EdFringe 2018 Review: Cazeleon: The Movies in My Mind

Cazeleon: The Movies in My Mind
Rating: ★★

Venue: Gilded Balloon – Balcony

Cazeleon: The Movies in My Mind pays loving homage to classic Hollywood in its tale of the titular performer’s fictional ascent to stardom and her subsequent fall from grace. Drag star Cazeleon attempts to interlace this with themes about breaking from societal expectations of gender and loving your true self regardless of these.

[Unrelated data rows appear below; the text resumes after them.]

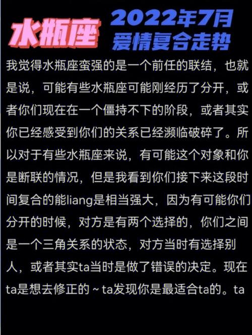 深度解析:与水瓶座女友的相处之道及星座配对奥秘本文将延续之前关于水瓶座女友的话题,为大家带来更深入的剖析与分享。同时,我们也会探讨水瓶座的性格特质,帮助大家更好地理解这一星座。若您在情感或星座方面有任何疑问,欢迎收藏关注本站,获取更多精彩内容。 水瓶座与白羊座的星座配对解析水瓶座与白羊座的组合,堪称一对充满活力与激情的搭档。两者在性格上有着诸多相似之处,如对生活的热爱、对新鲜事物的好奇心等,这使得他们很容易就能找到共同话题,建立起深厚的友谊。然而,在爱情与婚姻的道路上,这对组合也面临着一些挑战。 白羊座的人往往缺乏耐性和持久力,而水瓶座则以其变化多端的性格著称。这种差异有时会导致双方在相处过程中产生摩擦。为了克服这些困难,双方需要学会相互理解、包容与妥协。白羊座可以尝试培养自己的耐心,而水瓶座则应学会更加明确地表达自己的需求与期望。只有这样,他们才能共同找到解决问题的“药方”,让爱情更加稳固。 水瓶座与双子座的星座配对揭秘![]() 水瓶座与双子座的组合,则是一对充满智慧与灵感的情侣。两者同属风象星座,拥有相似的思维方式和行为模式。这使得他们在相识之初就能迅速产生共鸣,坠入爱河。他们的关系既像朋友又像恋人,彼此之间无话不谈,很少会有隔夜仇。 然而,这对组合也需要注意平衡个人空间与共同时间。由于双方都拥有广泛的兴趣爱好和社交圈子,有时可能会因为忙碌而忽略了对方。因此,他们需要学会在忙碌的生活中留出一些时间给彼此,共同享受二人世界的温馨与甜蜜。在性生活方面,这对组合可能更加注重精神上的交流与沟通,而非单纯的肉体接触。他们更倾向于通过深入的对话和共同的兴趣爱好来增进彼此的感情。 总结与展望通过以上分析,我们可以看出水瓶座在星座配对中的独特魅力与挑战。无论是与白羊座还是双子座的组合,都需要双方付出努力与理解才能维持长久的感情。希望本文能为大家在情感道路上提供一些有益的启示与帮助。同时,也欢迎大家继续关注本站,获取更多关于星座与情感的精彩内容。 |
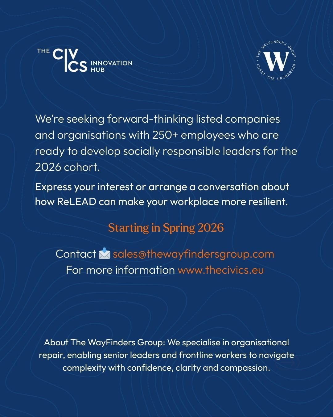 The WayFinders Group is the UK delivery partner for The Civics Innovation Lab, and we’re looking for two businesses with 250+ employees to pilot the ReLEAD programme in the UK starting in spring 2026.
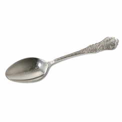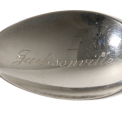 Серебряная сувенирная чайная ложка "Город Джексонвилл, Флорида" с изображением пальмы, корабля и фигуры и надписью "Мы верим в Бога".
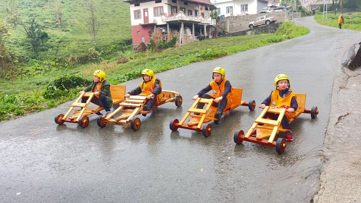 Rize'nin Çamlıhemşin ilçesinde 'Laz Ralli' adıyla düzenlenen tahta araba yarışlarının 15.'si yapılırken katılımcılar, sağanak altında saatte 50 kilometre hıza ulaşan yarışlarda büyük bir mücadele verdi.
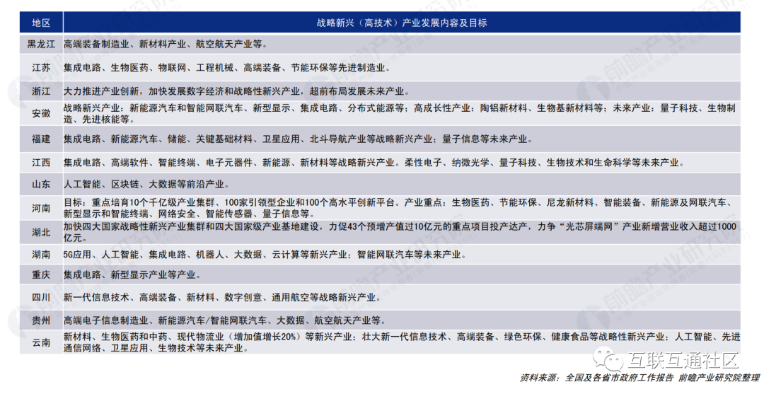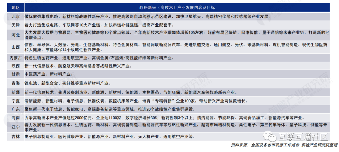 此外,围绕产业结构调整和升级基础,以战略新兴产业、高技术产业和未来产业等为重点,培育壮大发展新动能,打造新的经济增长点,从而推动地区经济持续、高质量发展,成为各省市发展重点。2021年各省市政府工作报告中,战略新兴(高技术)产业发展内容及目标如下:
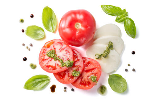 カプレーゼに使用するトマトにはリコピンやビタミンC、ビタミンE、カリウム、食物繊維などの栄養素がバランスよく含まれている。
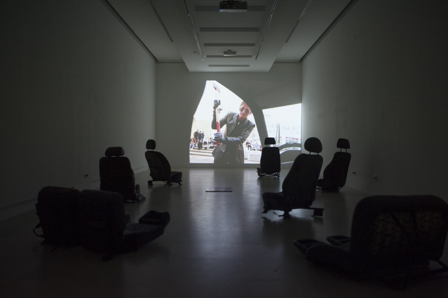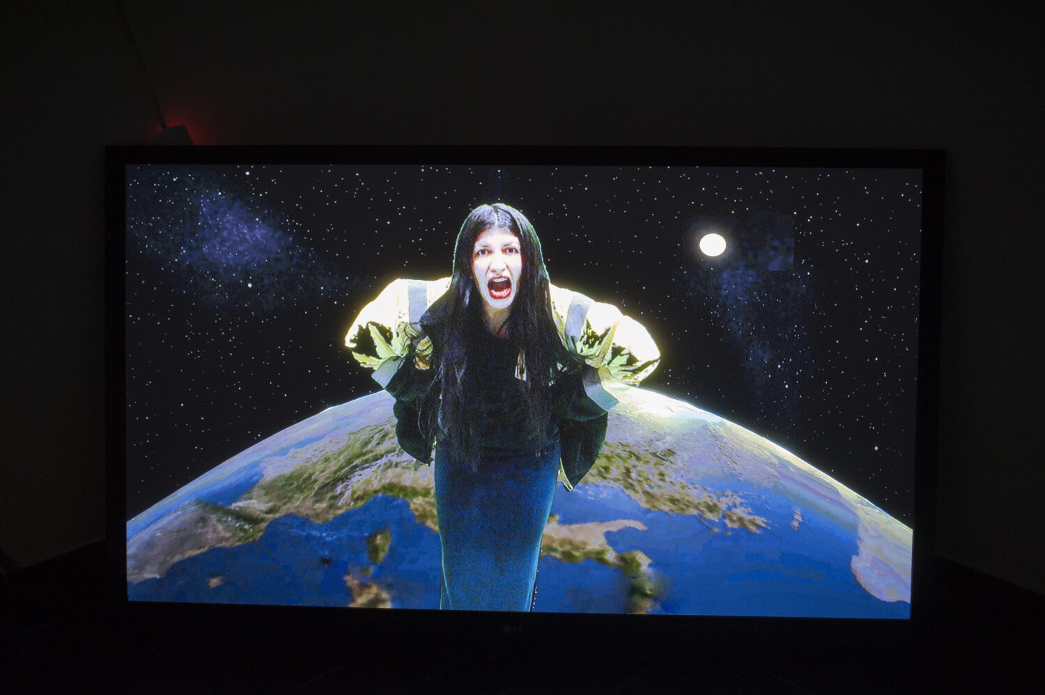 Selma Selman: Polazna tačka izložbe je video „No Space“ koji sam radila za prošlo Venecijansko bijenale, tačnije za Romski Paviljon. Bilo je mnogo komplikacija vezanih za prostor, koje su me dovele do ideje i realizacije video performansa u kome sam predstavila svoje divovsko tijelo žene, kao tijelo koje zauzima čitavu planetu. Pored toga što sam stalno slala nove ideje za paviljon, radovi su mi konstantno bili odbijani, jer je uvijek prostor bio problem. Kada se razmišlja o prostoru, on ima više grana djelovanja, jer prostor nije samo fizički, on je i mentalan.

Opening with a belting rendition of Shirley Bassey’s History Repeating, Cazeleon’s vocal credentials are on full display. This is a performer with impressive range and stage presence – something which is continually highlighted throughout this solo show. Packed with Hollywood nostalgia from its earliest moments, Cazeleon goes on to document life at school – being misgendered by classmates, not being picked for sports, in an amusing silent cinema inspired skit that showcases the performer’s battle with societal norms from a young age.

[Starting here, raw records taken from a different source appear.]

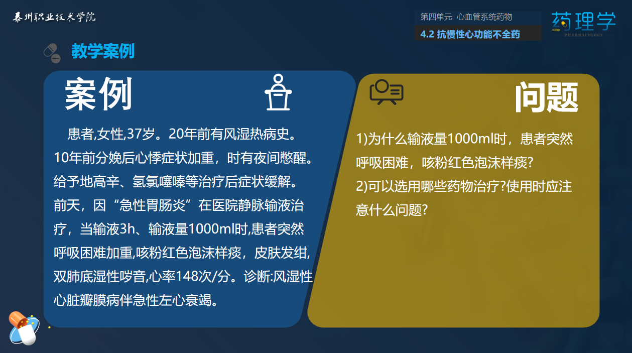 1.观看案例视频,分析用药史,学习抗慢性心功能不全药的分类和代表药
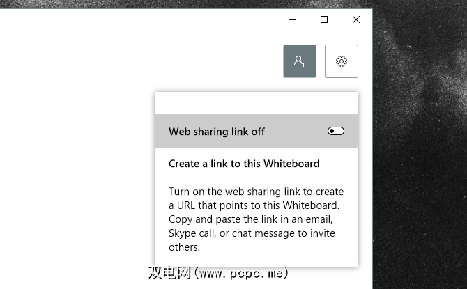 右侧的灰色图标允许您创建一个可以共享的Web链接。在同一个Whiteboard项目中与其他人合作。请注意,必须启用以下所示的关闭网络共享链接选项才能创建链接。
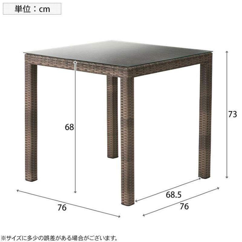 幅76cm メッシュ柄 ダイニングテーブル 強化ガラス天板 食卓 机 正方形 インテリア アジアン インテリア 編み込み カフェ リゾート シンプル ベランダ 屋外 ガーデン 店舗 完成品
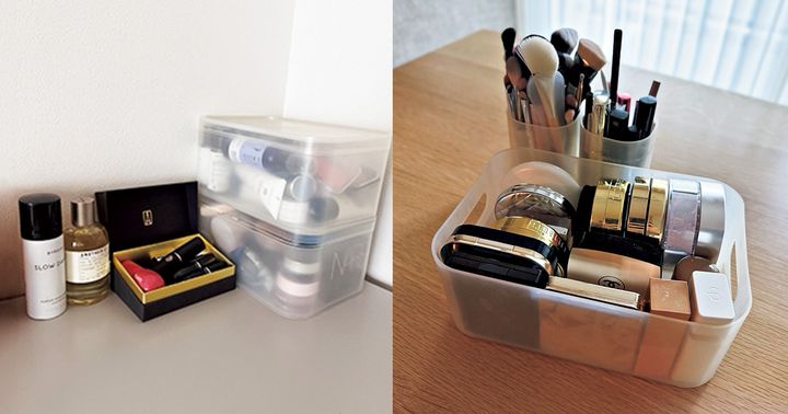 「アクリルケースはコスメ仕分けにはピッタリ。クリアだから目に見えてアイテムもわかりやすく、定期的に整理整頓するのが好きなのでとても使いやすいです。いつもカテゴリーごとに分けて収納しています。重ねて2段にしたり、いろいろ組合せを工夫できたりするのもいい!」(新居芙美恵さん/31歳・アパレル関係)
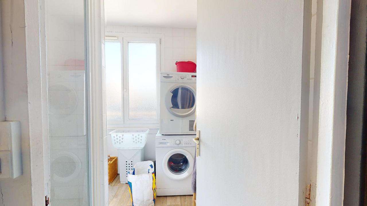 Une salle d’eau est à la disposition de l’ensemble de la colocation. Elle comprend un meuble vasque, une douche, une machine à laver et un sèche linge. Il convient aux locataires de convenir d’une organisation qui sied à tous.
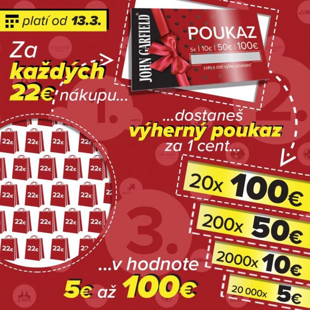 Zapojte sa do spotrebiteľskej súťaže o 20x 100€, 200x 50€ poukaz na nákup v sieti John Garfield

As The Movies in My Mind progresses we get a femme-fatale murder sequence complete with Law and Order theme music and courtroom skit. Cazeleon cleverly incorporates lip-syncs from classic Hollywood features into the show – and this courtroom sequence is one of these – embodying the captivating appeal of the likes of Lana Turner or Lauren Bacall – except with the aesthetics of Conchita Wurst (who amusingly gets a reference later on).

With the murder trial behind her, we then follow Cazeleon’s ascent to stardom encapsulated with a stirring performance of Let Me Be Your Star from SMASH. The performer taps into the ups and downs of celebrity culture, the concept of Hollywood as a glamorous escape, yet also the vacuousness of ‘the biz’. In exploring this Hollywood dynamic so passionately, there is somewhat of a disconnect with the previous ideas of gender performativity – and The Movies in My Mind does not particularly acknowledge Hollywood’s role in reinforcing and shaping many of these societal expectations of gender.  

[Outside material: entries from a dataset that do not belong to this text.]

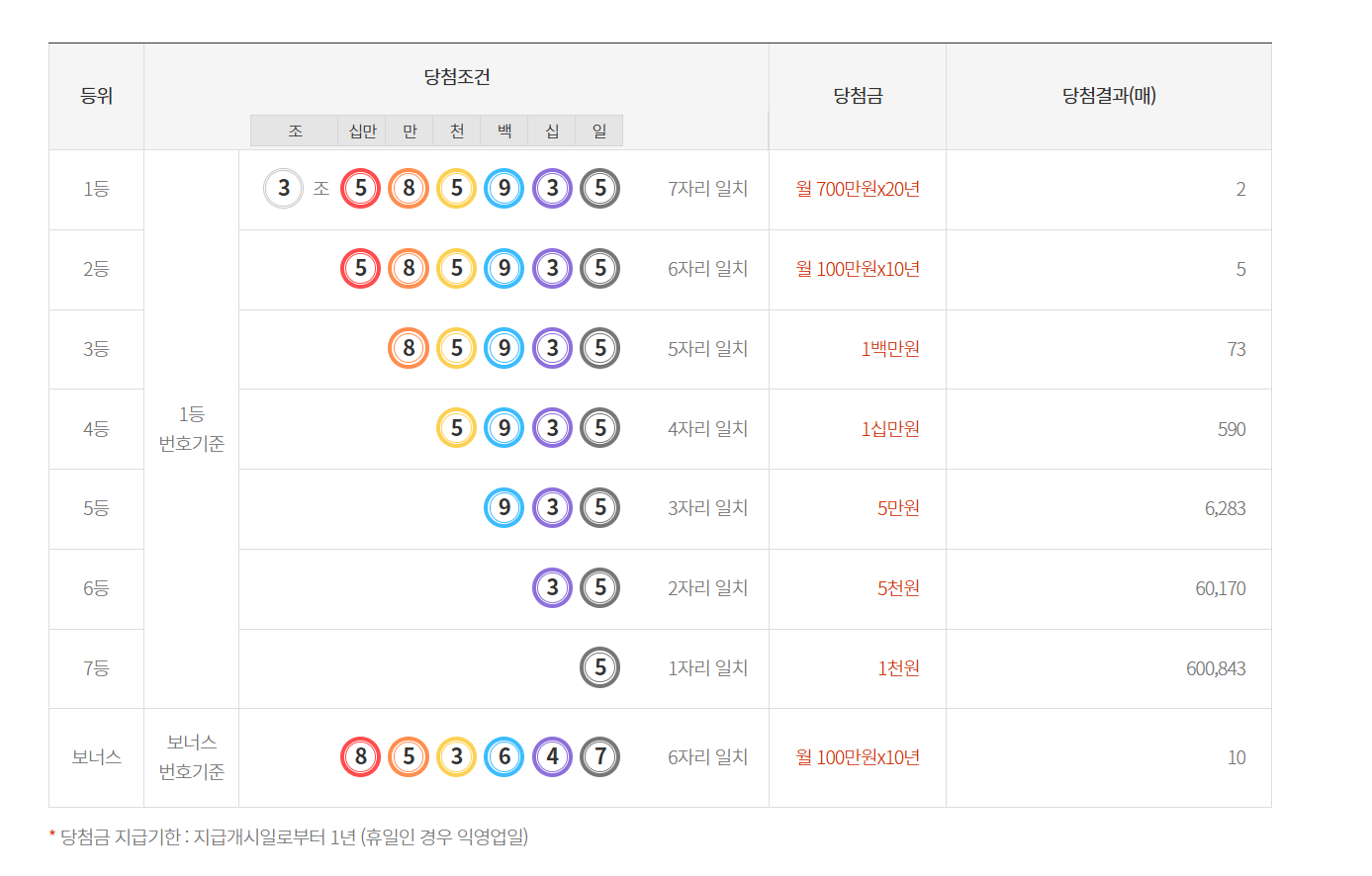 인터넷 당첨자는 조묶음이 아니라 낱개 번호로 구매하신 분 같네요
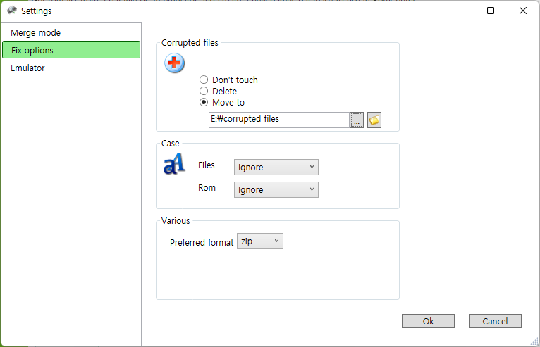 Advanced settings 에 들어가면 Fix options이 있는데 손상된 파일을 어떻게 처리하는지에 대한 선택지가 있다.
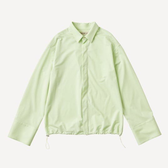 デンマークで大切にされている居心地のいい空間を意味する“Hygge(ヒュッゲ)”の解釈を拡げ、年齢や性別、シーンなど、様々なボーダーを超えて、心地よく着用可能なシャツ。特殊なジャージ素材を採用し、軽くリラックスした着心地とシワになりにくさを実現。裾のドローコードを調整することでシルエットの変更が可能。
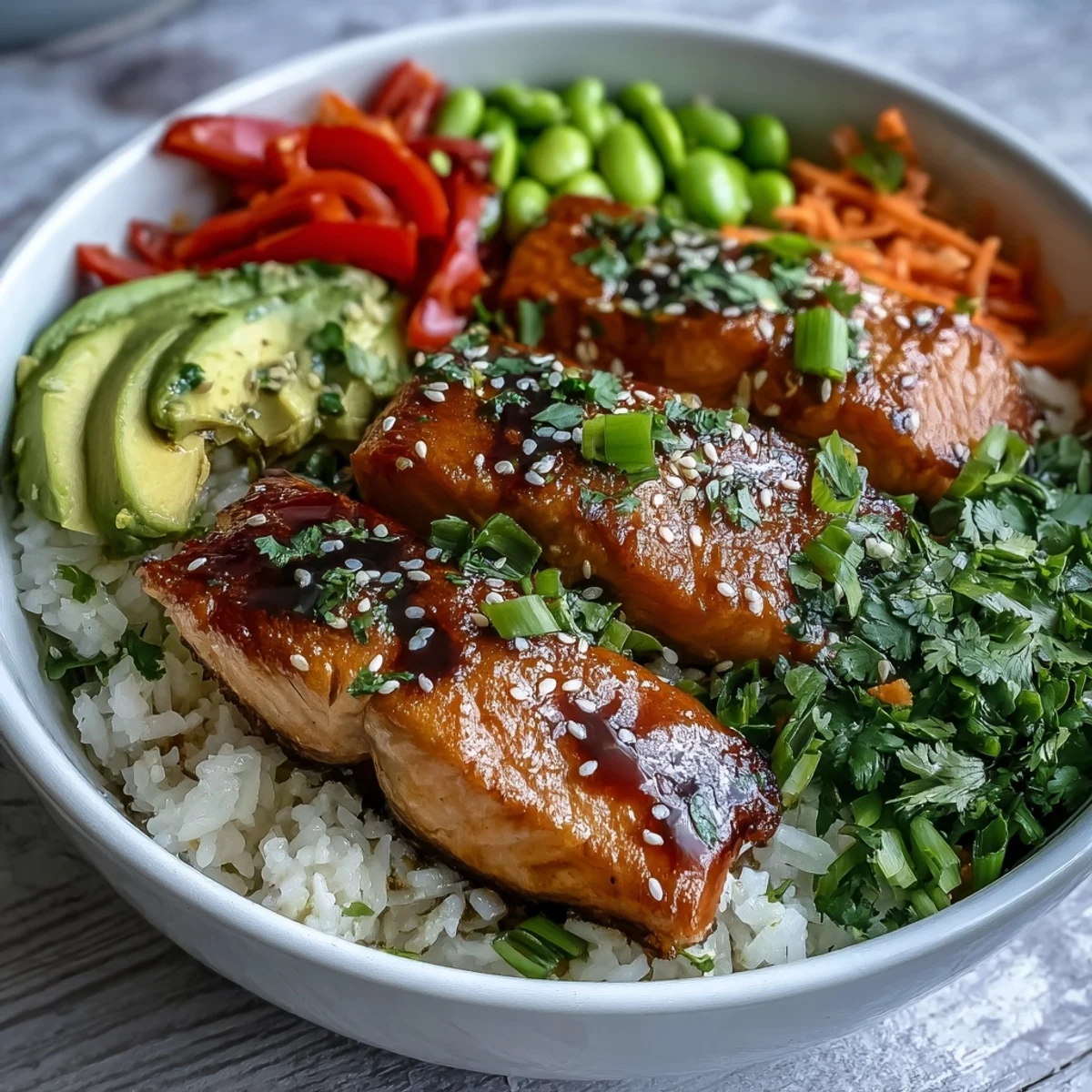 Pin it This bowl is designed to satisfy both your taste buds and your health goals. The contrast between the warm, seared salmon and the cool, creamy avocado, paired with the crunch of edamame and carrots, creates a delightful texture in every bite.

The core message is reiterated in the show’s concluding chapter in a monologue from the performer followed by a final musical performance in the form of Lady Gaga’s Born This Way.

On the technical side, Cazeleon’s performs with a microphone and incredibly loud backing tracks, the former possibly not necessary for an intimate venue like the Gilded Balloon’s Balcony venue. Understandably there is a noisy show going on next door, but the uncomfortably high volumes within the room detract from our titular star’s performance.

The Movies in My Mind works as a showcase for the musical and acting talents of Cazeleon. Technical frustrations and a diluted message undoubtedly hamper, the show, however.